There is a limit to how much an algorithm can be improved. However, more speed can be gained by simply exploiting the sheer size of infrastructure, i.e. multiple CPUs/machines. Unfortunately, this rarely happens automatically, unless you use libraries that have this ability built-in. Although Numpy has some functionality that runs in parallel, in this case some additional work is required.
In this case, sequence comparison does not need to be performed sequentially, thus can be parallelised.
Some effort were made to make code below work on Windows machines. As a result, we have to create a seperate file for worker code. More information here
import multiprocessing
from worker import *
def get_nf_numpy_mp(seqs, threads=None):
seqs = seqs.view(np.uint32).reshape(seqs.shape[0], -1)
n_seqs, seq_len = seqs.shape
with multiprocessing.Pool(threads, initializer=init, initargs=[seqs]) as pool:
results = pool.map(get_one_to_all_comparison_global, range(n_seqs-1))

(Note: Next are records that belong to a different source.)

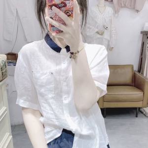 ヨーロッパステーション 2025 新しい夏のファッショナブルでシンプルで多用途なカーディガントップスステッチボタン半袖シャツ女性用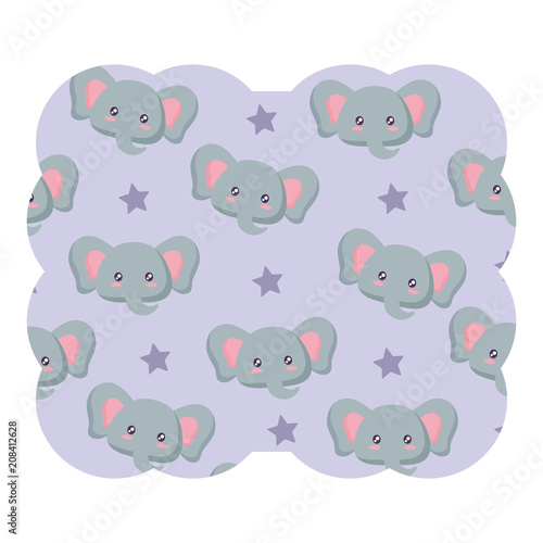Fototapeta premium decorative frame with cute elephants pattern over white background, vector illustration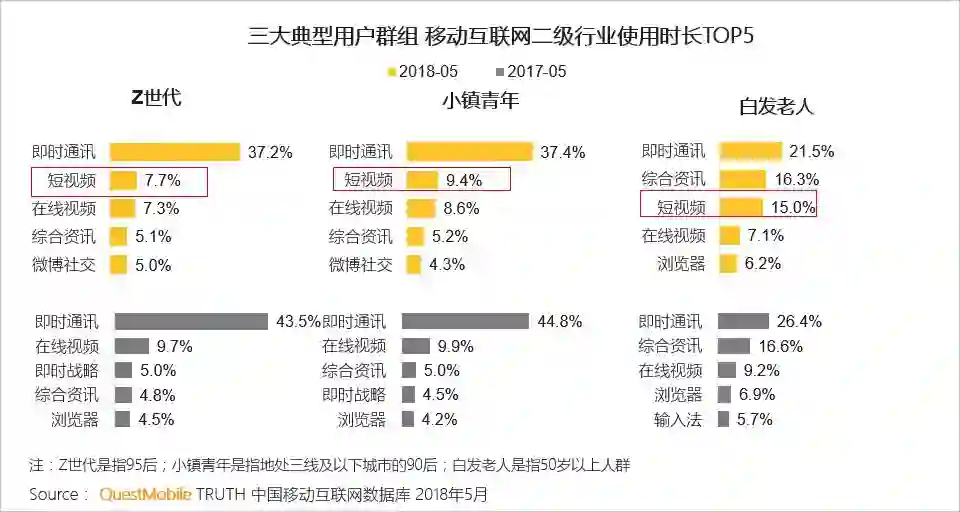 3.5 三大典型群组在即时通讯的时长占比均有所下降,短视频老少皆宜且增长迅猛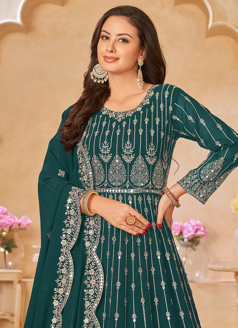 This Teal Green Faux Georgette Embroidered Anarkali Suit is a versatile choice suitable for weddings parties festive gatherings and other special events. It effortlessly combines traditional elements with contemporary aesthetics making it a timeless addition to any womans ethnic wardrobe.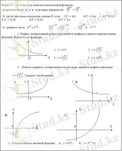 Көрсеткіштік функцияның қасиеттері мен графигі: 11 в сыныпқа арналған сабақ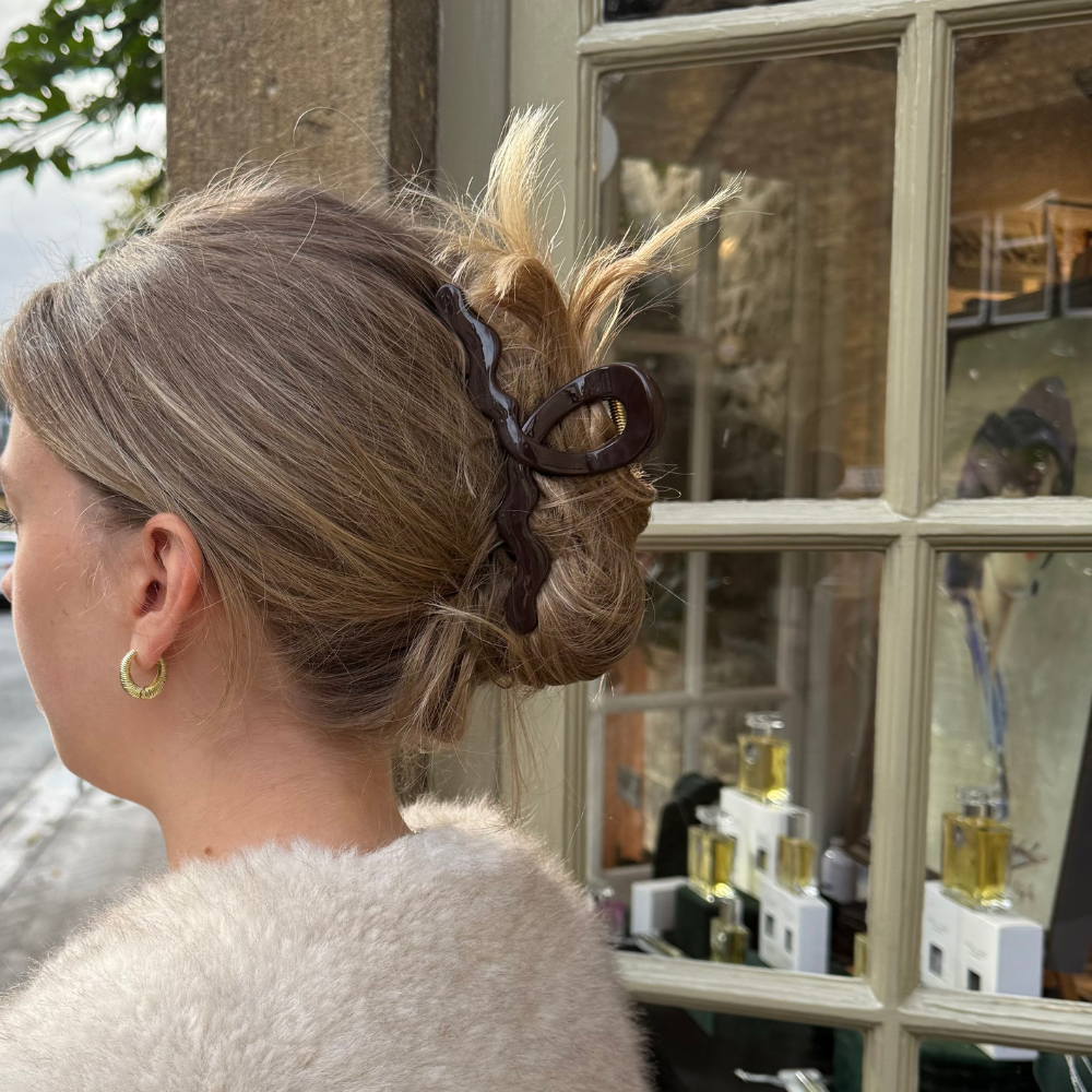 Treat your tresses to something sweet with our Wavy Claw Clip in Chocolate.

is_same_cluster = np.ones([n_seqs, n_seqs],np.bool_)
for out in results:
i = n_seqs - out.shape[0] - 1
is_same_cluster[i, i+1:] = out
is_same_cluster[i+1:, i] = out
meff = 1.0/is_same_cluster.sum(1)
return meff.sum()/(seq_len**0.5)
seqs_ = seqs[:2500]
%%timeit -n 1 -r 1
if __name__ == "__main__":
meff = get_nf_numpy_mp(seqs_)
print(meff)
%%timeit -n 1 -r 1
meff = get_nf_numpy_v2(seqs_)
print(meff)
The benefit of multiprocessing will be determined by hardware. However, it is important to remember that there is an overhead of distributing the work across CPUs. As a result, if the algorithm takes a couple of seconds, multiprocessing might make it even slower. On the other hand, really big tasks can be speeded up by nearly the factor of number of threads on the machine where overhead becomes negligible.